┏━━

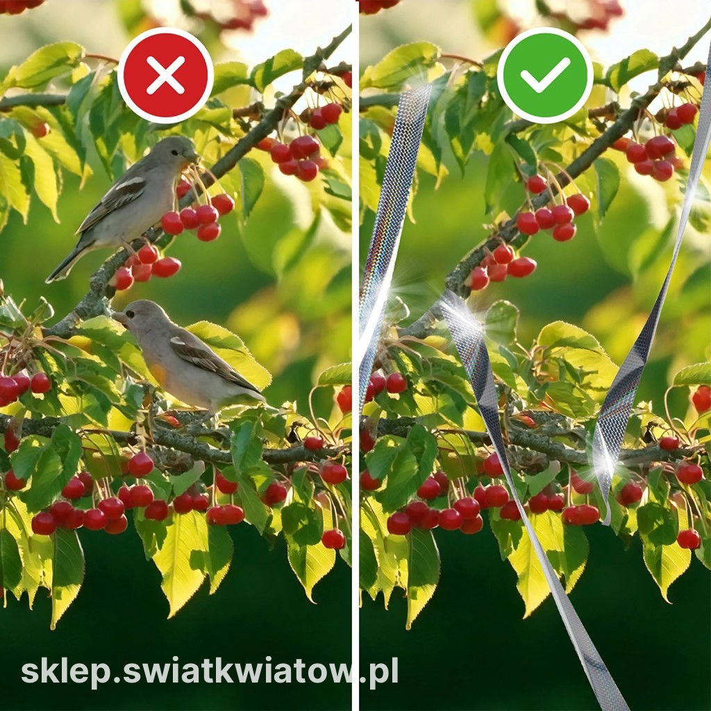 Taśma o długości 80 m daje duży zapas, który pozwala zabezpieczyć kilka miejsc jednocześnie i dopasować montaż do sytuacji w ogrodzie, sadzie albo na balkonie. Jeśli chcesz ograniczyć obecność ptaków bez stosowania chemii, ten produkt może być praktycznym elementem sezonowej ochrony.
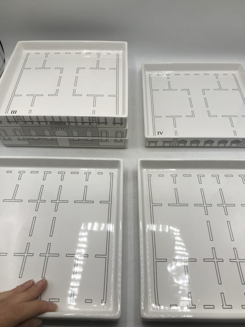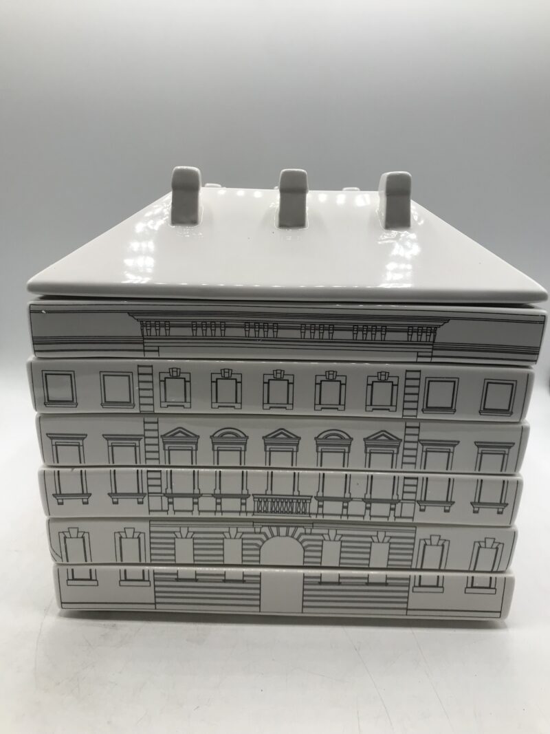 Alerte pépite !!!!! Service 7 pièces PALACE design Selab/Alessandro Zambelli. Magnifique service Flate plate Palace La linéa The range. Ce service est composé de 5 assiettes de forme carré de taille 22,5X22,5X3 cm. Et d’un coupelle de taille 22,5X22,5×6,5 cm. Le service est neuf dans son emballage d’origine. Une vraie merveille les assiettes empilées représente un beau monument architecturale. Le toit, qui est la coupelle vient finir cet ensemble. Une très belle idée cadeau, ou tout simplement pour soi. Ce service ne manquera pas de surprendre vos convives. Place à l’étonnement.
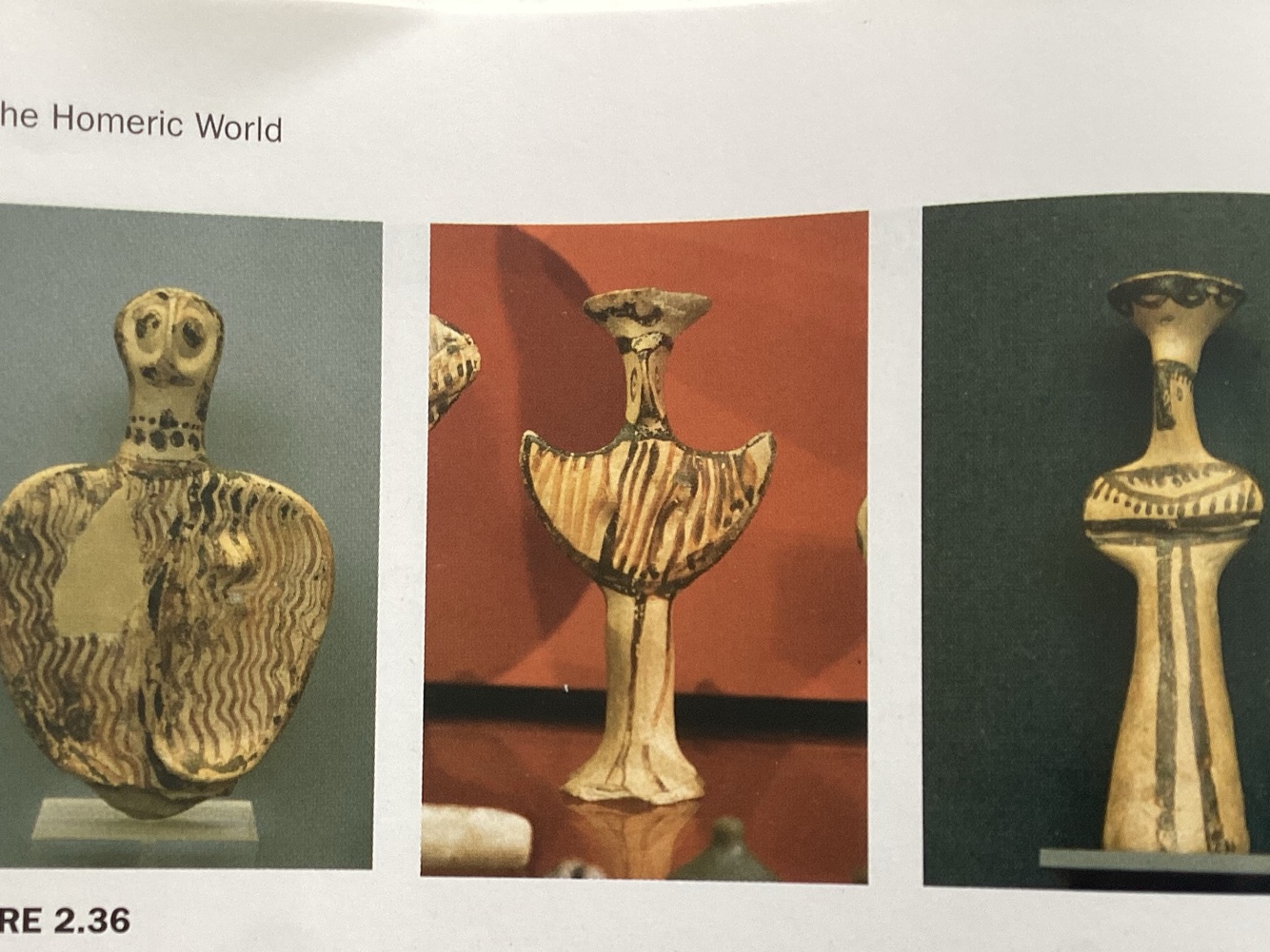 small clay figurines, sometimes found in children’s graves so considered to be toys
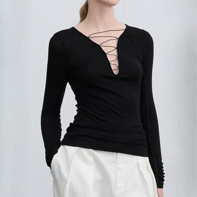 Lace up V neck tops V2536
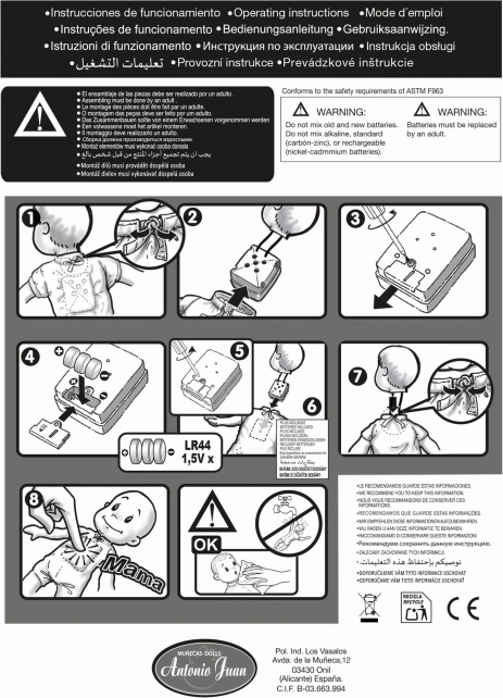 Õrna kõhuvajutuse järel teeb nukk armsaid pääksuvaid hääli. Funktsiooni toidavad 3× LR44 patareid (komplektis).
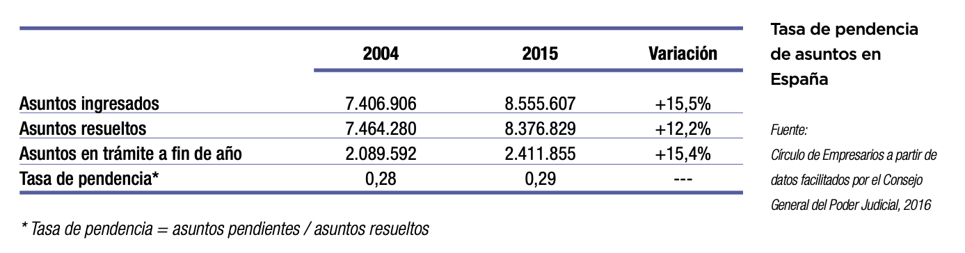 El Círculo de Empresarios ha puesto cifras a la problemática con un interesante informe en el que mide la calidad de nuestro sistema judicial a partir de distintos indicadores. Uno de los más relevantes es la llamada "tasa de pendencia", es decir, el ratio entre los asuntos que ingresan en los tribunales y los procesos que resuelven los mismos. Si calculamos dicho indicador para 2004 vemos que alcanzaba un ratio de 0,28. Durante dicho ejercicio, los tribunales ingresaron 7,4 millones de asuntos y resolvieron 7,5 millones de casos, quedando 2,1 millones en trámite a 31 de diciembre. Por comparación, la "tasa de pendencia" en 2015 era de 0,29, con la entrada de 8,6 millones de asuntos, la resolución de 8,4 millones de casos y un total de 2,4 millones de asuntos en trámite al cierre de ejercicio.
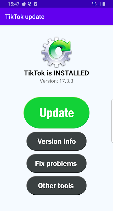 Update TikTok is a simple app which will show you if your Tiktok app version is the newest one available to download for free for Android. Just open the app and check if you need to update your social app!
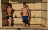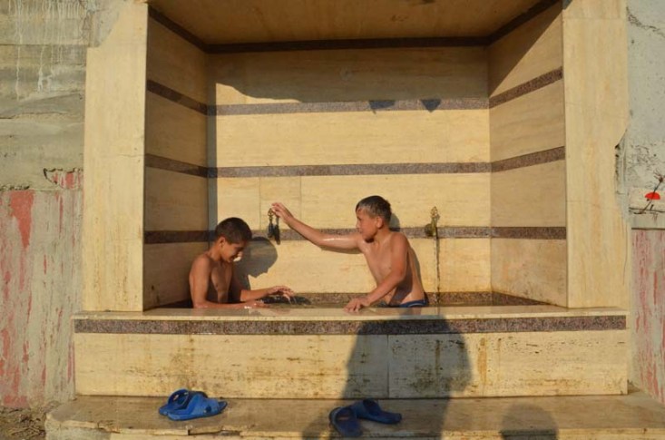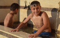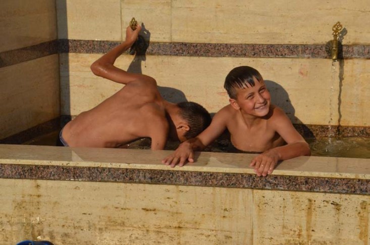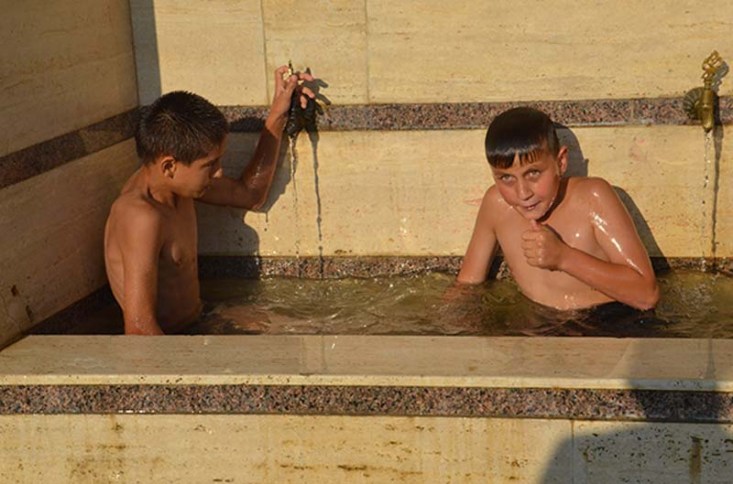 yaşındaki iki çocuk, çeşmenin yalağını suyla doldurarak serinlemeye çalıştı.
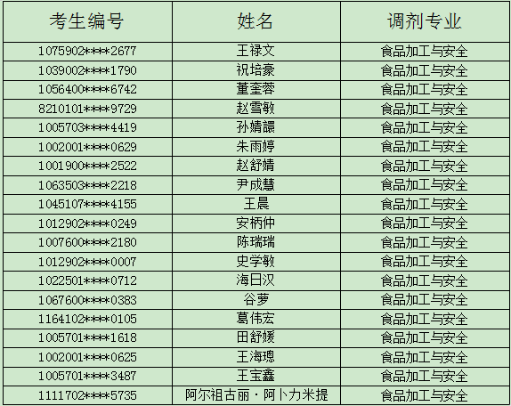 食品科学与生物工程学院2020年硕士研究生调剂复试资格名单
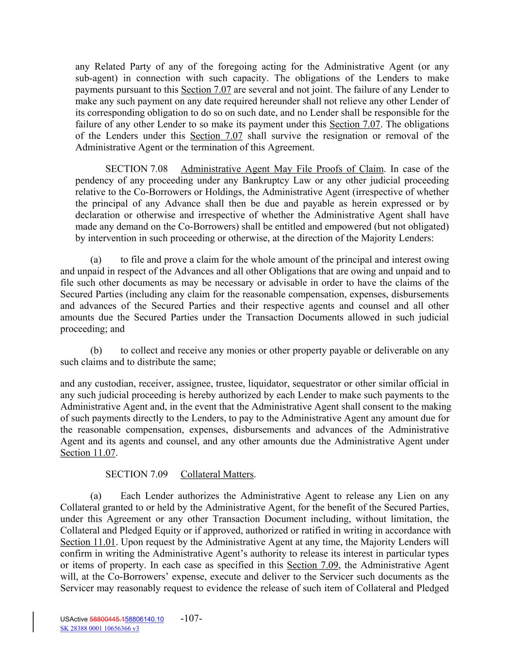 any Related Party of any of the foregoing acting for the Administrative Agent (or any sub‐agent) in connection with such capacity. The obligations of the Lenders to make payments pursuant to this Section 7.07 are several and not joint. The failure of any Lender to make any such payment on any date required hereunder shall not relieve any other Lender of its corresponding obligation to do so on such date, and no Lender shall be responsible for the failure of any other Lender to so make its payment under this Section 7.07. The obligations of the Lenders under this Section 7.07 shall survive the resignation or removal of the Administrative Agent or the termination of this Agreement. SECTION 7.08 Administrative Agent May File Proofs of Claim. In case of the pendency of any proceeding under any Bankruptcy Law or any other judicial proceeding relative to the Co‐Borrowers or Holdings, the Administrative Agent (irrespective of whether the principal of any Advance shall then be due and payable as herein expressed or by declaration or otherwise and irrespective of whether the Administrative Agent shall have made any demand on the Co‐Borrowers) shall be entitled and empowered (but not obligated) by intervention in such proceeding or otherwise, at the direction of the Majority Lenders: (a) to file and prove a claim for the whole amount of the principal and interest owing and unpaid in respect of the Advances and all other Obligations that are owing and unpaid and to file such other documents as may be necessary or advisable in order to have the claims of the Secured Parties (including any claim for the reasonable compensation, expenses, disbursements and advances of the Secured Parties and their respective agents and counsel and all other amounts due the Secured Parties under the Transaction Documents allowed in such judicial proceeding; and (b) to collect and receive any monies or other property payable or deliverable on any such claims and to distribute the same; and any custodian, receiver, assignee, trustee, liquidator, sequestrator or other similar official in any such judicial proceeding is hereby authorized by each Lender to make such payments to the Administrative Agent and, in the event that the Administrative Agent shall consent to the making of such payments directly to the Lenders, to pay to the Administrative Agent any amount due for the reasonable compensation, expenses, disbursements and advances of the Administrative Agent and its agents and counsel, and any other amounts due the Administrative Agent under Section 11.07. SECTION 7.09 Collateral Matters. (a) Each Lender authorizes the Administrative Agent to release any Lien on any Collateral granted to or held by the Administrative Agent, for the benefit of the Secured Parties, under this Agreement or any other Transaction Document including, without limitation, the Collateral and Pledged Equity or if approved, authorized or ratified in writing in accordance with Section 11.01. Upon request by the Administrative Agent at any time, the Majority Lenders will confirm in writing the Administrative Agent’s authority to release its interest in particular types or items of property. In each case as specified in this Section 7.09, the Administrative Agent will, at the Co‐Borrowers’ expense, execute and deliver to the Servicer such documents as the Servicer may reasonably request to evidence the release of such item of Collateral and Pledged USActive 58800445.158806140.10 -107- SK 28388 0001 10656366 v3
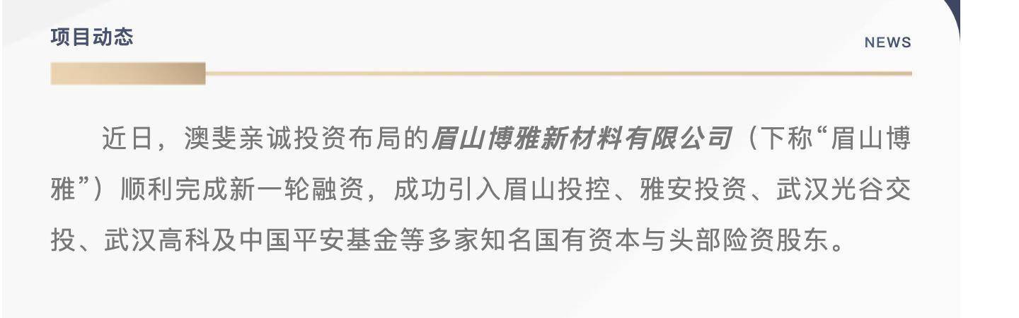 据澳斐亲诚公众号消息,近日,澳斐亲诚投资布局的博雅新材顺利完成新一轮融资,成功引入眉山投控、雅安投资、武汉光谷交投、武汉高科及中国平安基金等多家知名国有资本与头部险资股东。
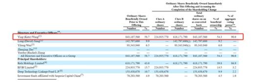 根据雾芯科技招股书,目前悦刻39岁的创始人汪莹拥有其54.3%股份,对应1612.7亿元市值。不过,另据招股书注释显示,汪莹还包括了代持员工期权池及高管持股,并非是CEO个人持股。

┗━━

◆ ABOUT THIS TASK
Exact lines only, please. Repeat everything from the top of the records through the line containing "Lace up V neck tops V2536", both ends in and pictures out.

◆ RESULT
 Taśma o długości 80 m daje duży zapas, który pozwala zabezpieczyć kilka miejsc jednocześnie i dopasować montaż do sytuacji w ogrodzie, sadzie albo na balkonie. Jeśli chcesz ograniczyć obecność ptaków bez stosowania chemii, ten produkt może być praktycznym elementem sezonowej ochrony.
 Alerte pépite !!!!! Service 7 pièces PALACE design Selab/Alessandro Zambelli. Magnifique service Flate plate Palace La linéa The range. Ce service est composé de 5 assiettes de forme carré de taille 22,5X22,5X3 cm. Et d’un coupelle de taille 22,5X22,5×6,5 cm. Le service est neuf dans son emballage d’origine. Une vraie merveille les assiettes empilées représente un beau monument architecturale. Le toit, qui est la coupelle vient finir cet ensemble. Une très belle idée cadeau, ou tout simplement pour soi. Ce service ne manquera pas de surprendre vos convives. Place à l’étonnement.
 small clay figurines, sometimes found in children’s graves so considered to be toys
 Lace up V neck tops V2536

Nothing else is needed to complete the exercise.